Его падение было необыкновенным. Саша чувствовал, что стоит на тверди, но в то же время отчетливо ощущал, как воздух, сначала пушистым, едва ощутимым касанием омывал его тело, но с каждым мгновением его струи становились более упругими и реально ощутимыми. Он продолжал падать, стоя на чем-то твердом, с улыбкой слушая свист теплого воздуха в ушах и боясь пошевелиться, чтобы не отстраниться от прохлады женских ладоней, которые по-прежнему были на его груди. Он боялся открыть глаза, чтобы не разочароваться, когда увидит обыкновенную, непременно обыкновенную после такого сказочного полета, светлицу.

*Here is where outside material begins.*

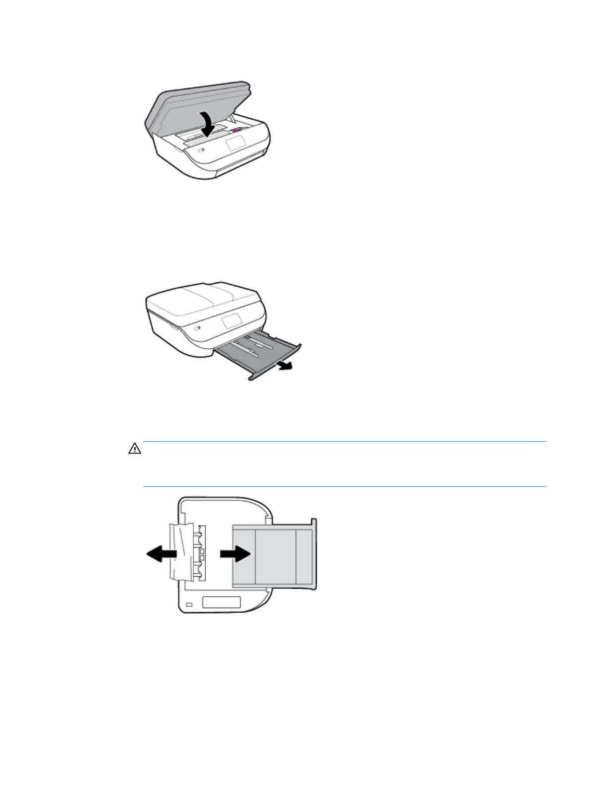 c. Check the gap in the printer where the input tray was. If there is any jammed paper, reach into the

— Где я? — сказал он, и даже не сказал, а глухо, зачарованно простонал.
— Ты со мной, — ответил все тот же ласковый и одновременно отчужденный голос Анны. — Не бойся, я буду с тобой.
Это было сказано так, словно это была единственная и последняя возможность убедить безнадежно больного человека в скором выздоровлении. И ощущение скорого счастья стало как будто ближе. Александр не только чувствовал его приближение, но и даже через закрытые веки видел его свет: где-то снизу, разгораясь с каждым последующим мгновением падения, бил свет и вскоре он стал настолько сильным, что растворил веки, наполнив их розово-золотым блеском до той степени, что стал вливаться в сознание.

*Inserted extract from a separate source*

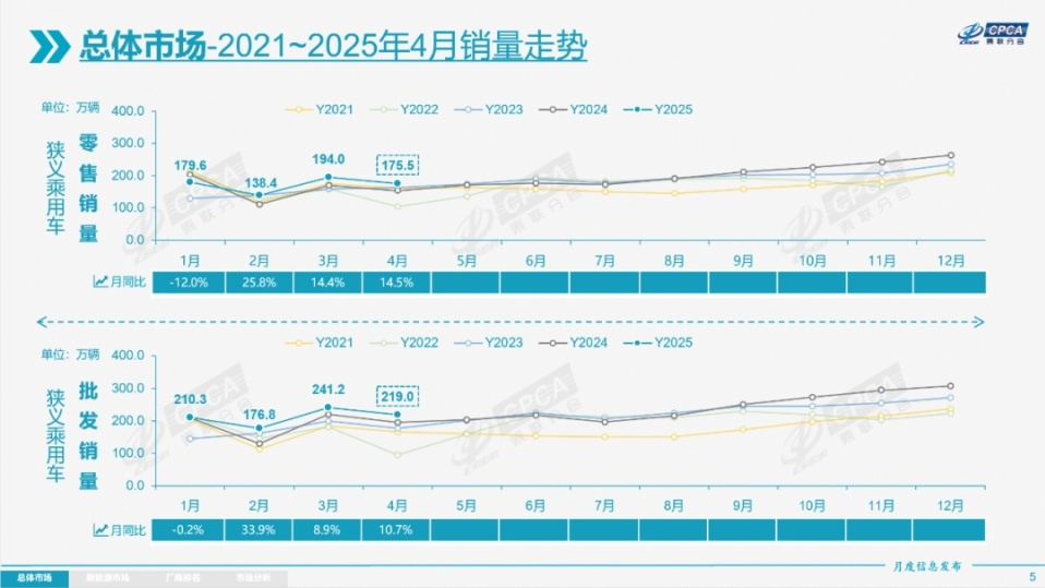 【4月乘用车零售同比增长14.5%,新能源渗透率51.5%】5月11日,全国乘联分会发布2025年4月份全国乘用车市场分析。数据显示,4月全国乘用车市场零售175.5万辆,同比增长14.5%,环比下降9.4%。今年以来累计零售687.2万辆,同比增长7.9%。查看详情>>

— Ты будешь со мной, — на выдохе вырвалось у него. — Ты будешь со мной всегда?
Последнюю фразу он прокричал, уже погружаясь в упругое, но ласковое золото загадочного, но долгожданного свечения. В самое его ядро.
— Ты будешь всегда со мной?
И в его крике было требование. Подчиняясь чужой и могущественной воле, он почувствовал свою собственную, которая зверем, учуявшим свободу, рвала все оковы, чтобы стать свободной и не менее могущественной. Мгновение счастья наступило… Нет, оно обвалилось на Александра, опрокинулось светом из-под ног и накрыло его полнотой и бесконечной радостью. Он закричал, выдыхая из груди весь воздух, чтобы наполнить ее вздохом нового, но насыщенного до предела счастьем. Это было ощущение полноты могущества и равности с кем-то, кто если и был велик, то только потому, что был невидим. Он мог быть невидимым, но его сила уже принадлежала человеку. Еще раз вздохнув как можно глубже, пьянея от распирающего грудь воздуха, Саша закричал, переходя от необыкновенной, предельно возможной радости, на переливы и визг… И это был крик дикаря, победившего доисторического дракона.
Ее рук уже не было на его груди. Они не были ему нужны. Он мог обойтись без них, а своими мог помочь кому угодно, и даже не руками, а единственной силой мысли. Думалось, что только пожелай, только подумай и толкни эту мысль, и где-то взлетит в воздух мост, небоскреб, рухнет небо, или, наоборот, зацветут деревья, зазеленеют луга, заржавеет оружие, разлезется, словно от гнили, военное обмундирование, превращая могущественных генералов в жалких карликов с выпяченными круглыми животами. Чья у него была сила? Ему не нужен был ответ, ему не нужен был ничей совет. Он стала самим…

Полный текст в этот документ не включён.